Each generation starts with selecting individuals from the current population to produce offspring. This can be flexibly modified through combinations of selectors and offspring factories. The resulting offspring can be the same as their parents to preserve well fit ligands for future generations, mutations switching only a single fragment or crossover between two parents combining fragments from both.

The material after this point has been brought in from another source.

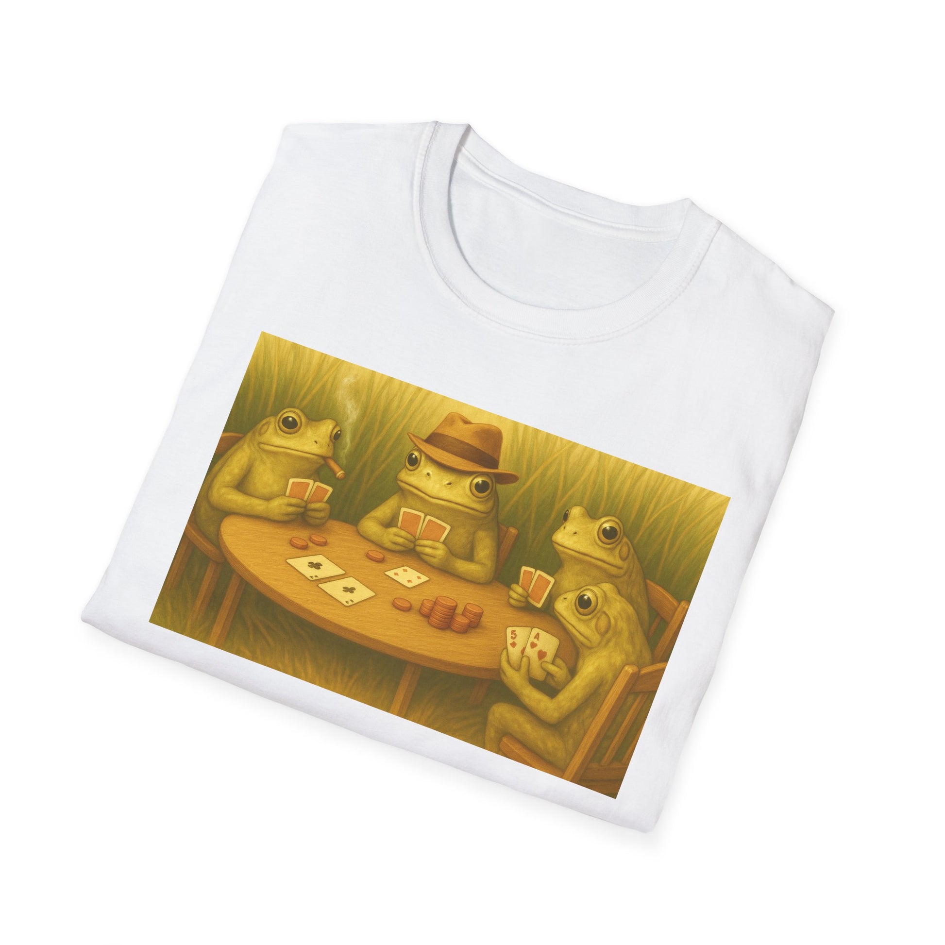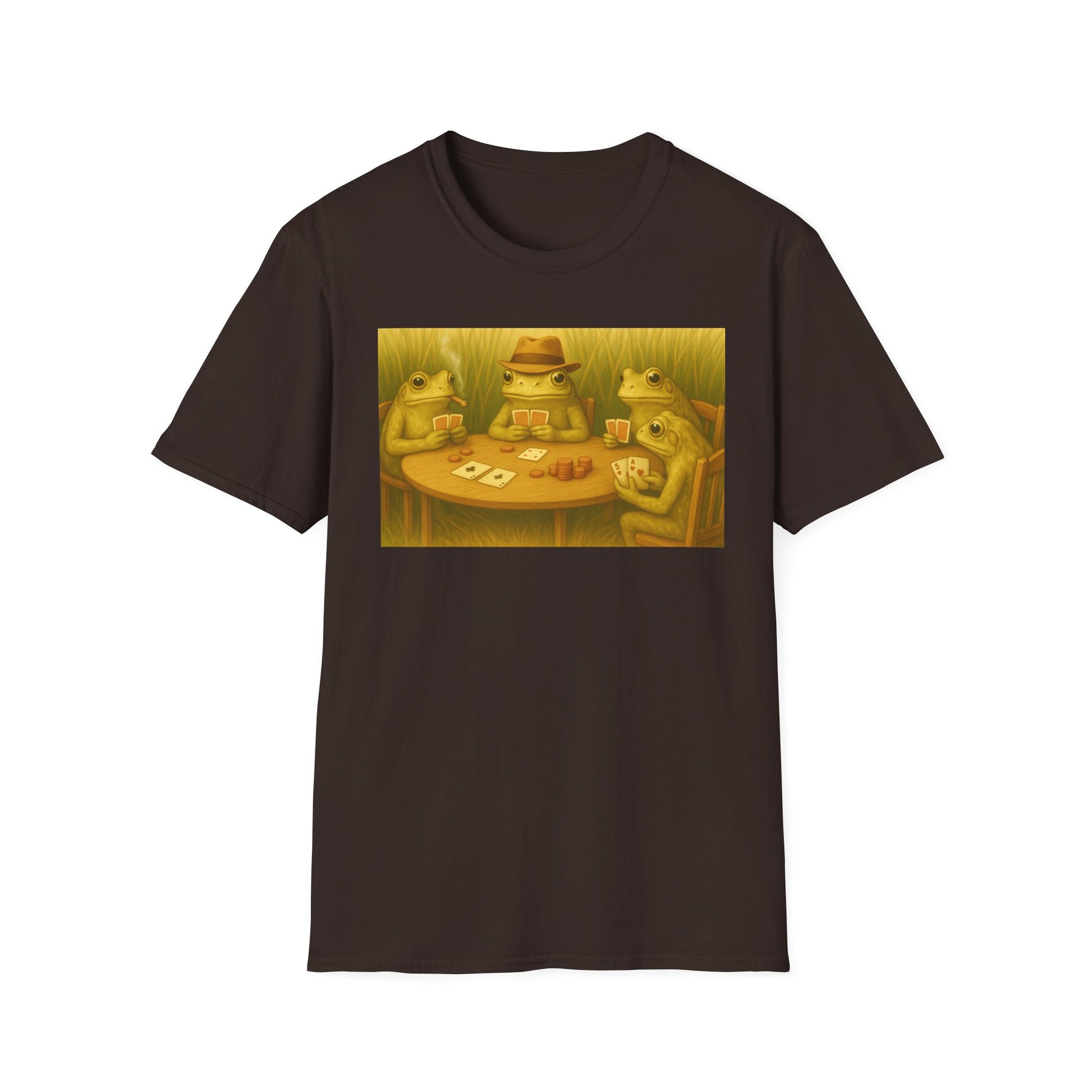 A playful and whimsical T-shirt featuring frogs playing poker, perfect for those who appreciate a touch of humor and fun in their wardrobe. This shirt can add a quirky twist to everyday outfits and is ideal for casual occasions and gatherings. Relevant to those who enjoy unique and lighthearted designs, perfect for gifting on birthdays, holidays, or game nights.

REvoLd can also be used score a list of smiles distributed over multiple processors if the aforementioned options external_scoring and smiles_file are set. Each processor from the mpirun call will select its own equally sized chunk of smiles from the smiles_file, turn each smiles into a protein-ligand complex, place it at the specified xyz position and apply the specified RosettaScript n_scoring_runs times. No pdbs will be written during vHTS to reduce the disk space requirements, but each process will create a file called external_results_.csv. This file will contain as many lines as defined by external_scoring for each ligand corresponding to the n best results from docking. Each line looks like smiles;term1;term2;...;termN
REvoLd evolutionary optimization cycle is very modular and can be changed. However, this option is usually not important if you want to use REvoLd. The default settings are benchmarked and have shown reliable performance. However, if you want to change it, use -ligand_evolution:options to specify a xml file:
<Population main_selector="std_tournament" supported_size="50"/>
<PopulationInit init_type="random" size="200"/>
<PopulationInit init_type="best_loaded" size="25" selection="1000"/>
<Scorer similarity_penalty="0.5" similarity_penalty_threshold="0.95"/>
<Selector name="remove_elitist" type="elitist" size="15" remove="True"/>
<Selector name="std_tournament" type="tournament" size="15" remove="False" tournament_size="15" acceptance_chance="0.75"/>
<Selector name="std_roulette" type="roulette" size="15" remove="False" consider_positive="False"/>
<Factory name="std_mutator" type="mutator" size="30" reaction_weight="1.0" reagent_weight="2.0" min_similarity="0.6" max_similarity="0.99"/>
<Factory name="drastic_mutator" type="mutator" size="30" reaction_weight="0.0" reagent_weight="1.0" min_similarity="0.0" max_similarity="0.25"/>
<Factory name="reaction_mutator" type="mutator" size="30" reaction_weight="1.0" reagent_weight="0.0" min_similarity="0.6" max_similarity="0.99"/>
<Factory name="large_crossover" type="crossover" size="60"/>
<Factory name="std_identity" type="identity" size="15"/>
<!--order is important here-->
<EvolutionProtocol selector="std_roulette" factory="std_mutator"/>
<EvolutionProtocol selector="std_roulette" factory="large_crossover"/>
<EvolutionProtocol selector="std_roulette" factory="drastic_mutator"/>
<EvolutionProtocol selector="std_roulette" factory="reaction_mutator"/>
<EvolutionProtocol selector="remove_elitist" factory="std_identity"/>
<EvolutionProtocol selector="std_roulette" factory="std_mutator"/>
<EvolutionProtocol selector="std_roulette" factory="large_crossover"/>
The tags are explain in more detail:
There are extensive checks included when you parse a new evolutionary protocol including informative error outputs. We suggest to simply play around with this system if you are interested in writing your own protocol.